Mein „Corpus delicti“ (oder so ähnlich) schien bei den „Göttern in weiß“ keinen schlechten Eindruck hinterlassen zu haben, denn zum Abschluss des Tages fragte man mich, ob ich nicht Lust und Laune hätte, irgendein „Militärflieger“ zu werden. Ein was???
Tja, meine Gesundheit wäre wohl soweit o.k., dass sie mir den Vorschlag machen, zur Erstuntersuchung an das „Institut für Luftfahrtmedizin“ (ILM) im sächsischen Königsbrück zu fahren, um mich dort der „FMK“ (der „Flugmedizinischen Kontrolle“) zu stellen. Naja unbedarft und fern aller Vorstellungen hab ich erstmal zugestimmt.

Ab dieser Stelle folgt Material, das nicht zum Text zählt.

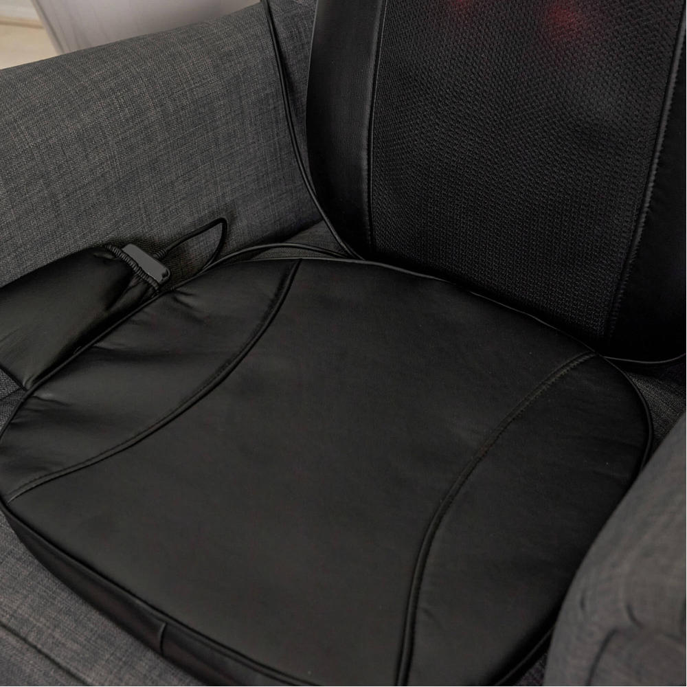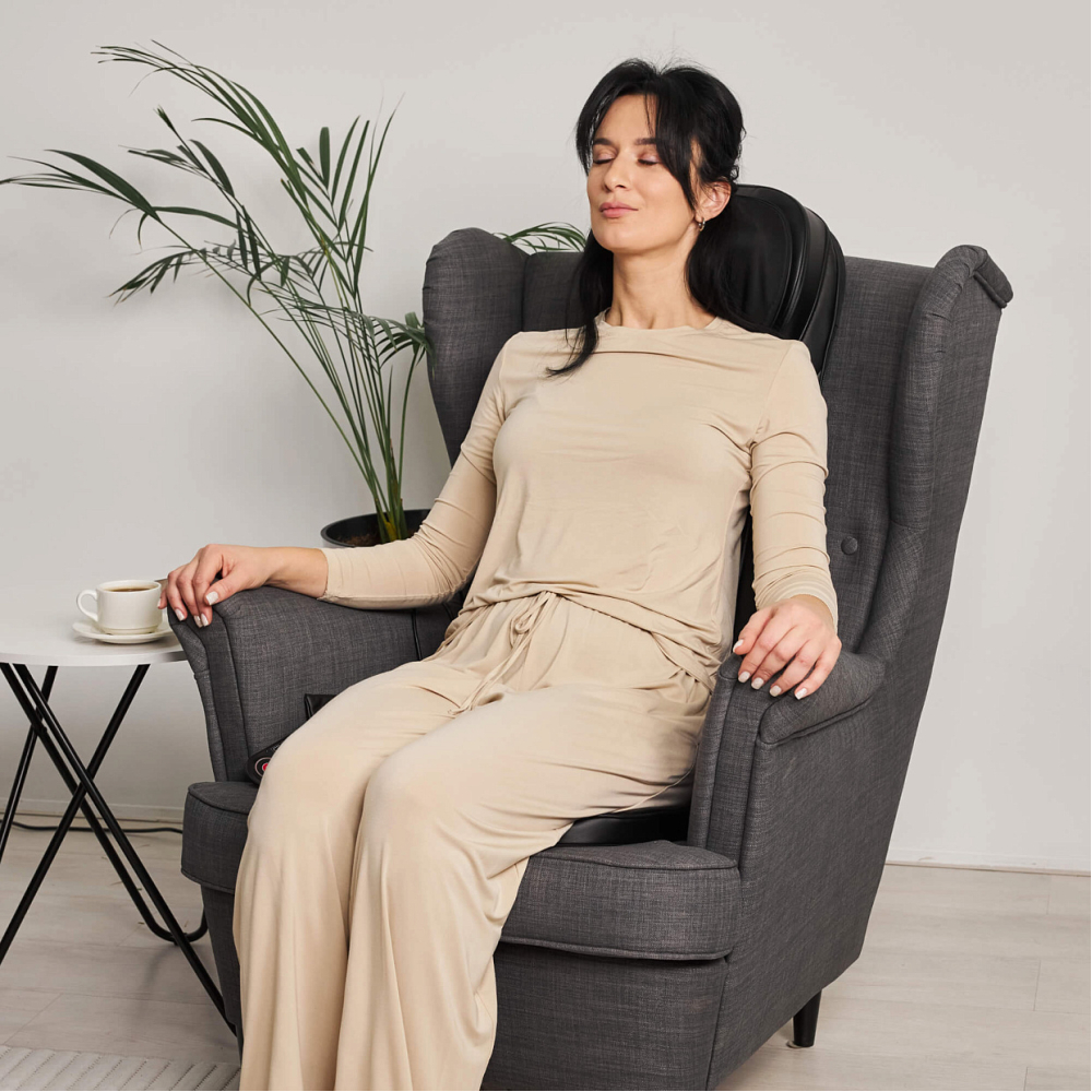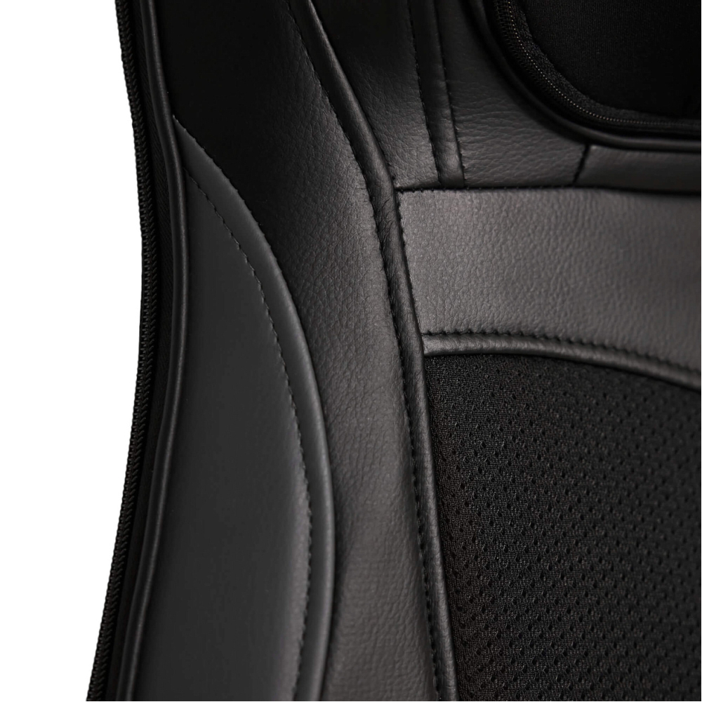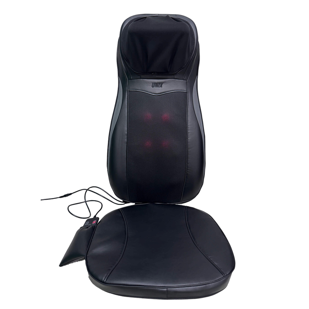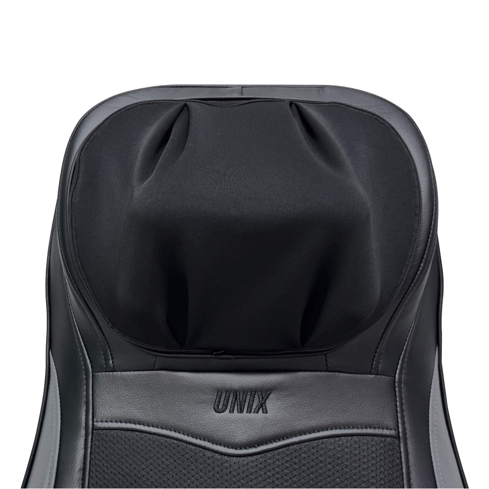 Полное расслабление и восстановление сил всего лишь одним нажатием кнопки. Именно такую возможность дарит массажная накидка с прогревом UNIX Flex Relax Black. Этот массажер для тела обеспечит глубокий и эффективный массаж тела дома и в автомобиле. . . Unix Flex Relax Black оснащена 12-ю встроенными массажными роликами: 4 ролика воздействуют на область шеи, улучшая кровообращение и снимая напряжение, 8 вращающихся роликов разного размера массируют спину и поясницу, глубоко проходя по мышцам и устраняя усталость. Смена направления вращения роликов идеальна для более равномерного массажа. Дополнительные виброподушки мягко стимулируют ягодицы, поддерживая тонус и способствуя общему релаксу организма. Предусмотрено 3 варианта интенсивности: низкая, средняя, высокая. . Массажная накидка легко настраиваются под разный рост пользователя. Такая функция обеспечивает индивидуальный подход к массажу и гарантирует максимальную эффективность процедуры для каждого члена семьи. Регулируемые ролики позволяют изменять положение и высоту массажных элементов, чтобы точно попадать на нужные зоны спины и шеи вне зависимости от возраста и телосложения человека. Точная настройка гарантирует глубокую проработку мышц, снятие напряжения и максимальное расслабление без дискомфорта.. . Одним из ключевых преимуществ модели является наличие инфракрасного прогрева, позволяющего поддерживать температуру до 42°C. Это усиливает терапевтический эффект, улучшает циркуляцию крови и способствует глубокому восстановлению тканей. Электромассажер имеет режимы автоматического отключения, который защищает от перегрева. . . Накладка выполнена из высококачественных материалов: поверхность выполнена из приятной на ощупь искусственной кожей, дополненной дышащими тканевыми вставками, обеспечивающими оптимальные условия для комфортного массажа. Специальный съемный чехол на молнии в зоне шеи упрощает уход и гигиеничность изделия. . . Управление массажером для шеи и спины осуществляется с помощью удобного проводного 77 см пульта дистанционного управления, расположенного в специальном кармашке. Настройка нужного режима производится легко и быстро из широкого спектра вариантов: разминающий массаж шеи, полный массаж спины, массаж верхней и нижней части спины, точечный массаж проблемных зон.. . Благодаря возможности подключения как к бытовой электросети, так и автомобильному прикуривателю, электрический массажер идеально подходит для ежедневного использования в любом месте, дома или длительное путешествие на авто. Экономичный расход энергии (всего 48 Вт) обеспечивает энергоэффективность и экономичность. Предусмотрен индикатор режима работы для удобства пользователя. Адаптер для автомобиля длиной 140 см и сетевой кабель длиной 145 см в комплекте.. . Максимальная продолжительность каждого типа массажа составляет 20 минут позволяет достичь оптимального результата без риска переутомления или дискомфорта. Размер электро массажера, подходящий пользователям до 190 см обеспечит удобный доступ ко всему телу практически каждому человеку. Накидку можно компактно сложить и убрать на хранение в шкаф или сухое место.. . Массажная накидка UNIX Flex Relax Black — это идеальное решение для поддержания здоровья позвоночника, снятия стресса и усталости после рабочего дня. Массажер в машину на сиде

Fliegen, das war zwar eine Sache von der ich schon gehört hatte, aber so richtig hatte ich mich mit diesem Thema noch nicht beschäftigt. Ich war also ein echter Späteinsteiger, bin aber vom Virus „fliegen“ genauso befallen worden, wie jene, die schon im Kinderwagen täuschend echt das Triebwerksgeräusch einer MiG nachmachen konnten.
Naja, die Frage MiG oder nicht stand ja so noch gar nicht, musste ich doch erst die Erstuntersuchung „überleben“.
Institut für Luftfahrtmedizin
Flieger unterlagen jederzeit strengen medizinischen Kontrollen. Die Gesundheit und die körperliche Leistungsfähigkeit der Piloten stand stets an vorderster Stelle, so dass immer ein großer Aufwand für deren Gesundheitskontrollen betrieben wurde. Ohne die Flugmedizinische Freigabe durfte kein Pilot die Maschine besteigen! Im Flugbuch war jederzeit die aktuelle und unterschriebene Freigabe der FMK eingetragen.
Kernobjekt der Flugmedizinischen Kontrolle, abgekürzt FMK, war das Instistut für Luftfahrtmedizin (ILM) in Königsbrück. Der Ort Königsbrück in der Nähe von Dresden ist für jeden Flieger vom ersten Tage seines Fliegerlebens an ein ständiger Begleiter gewesen, und dabei oftmals nicht nur ein guter.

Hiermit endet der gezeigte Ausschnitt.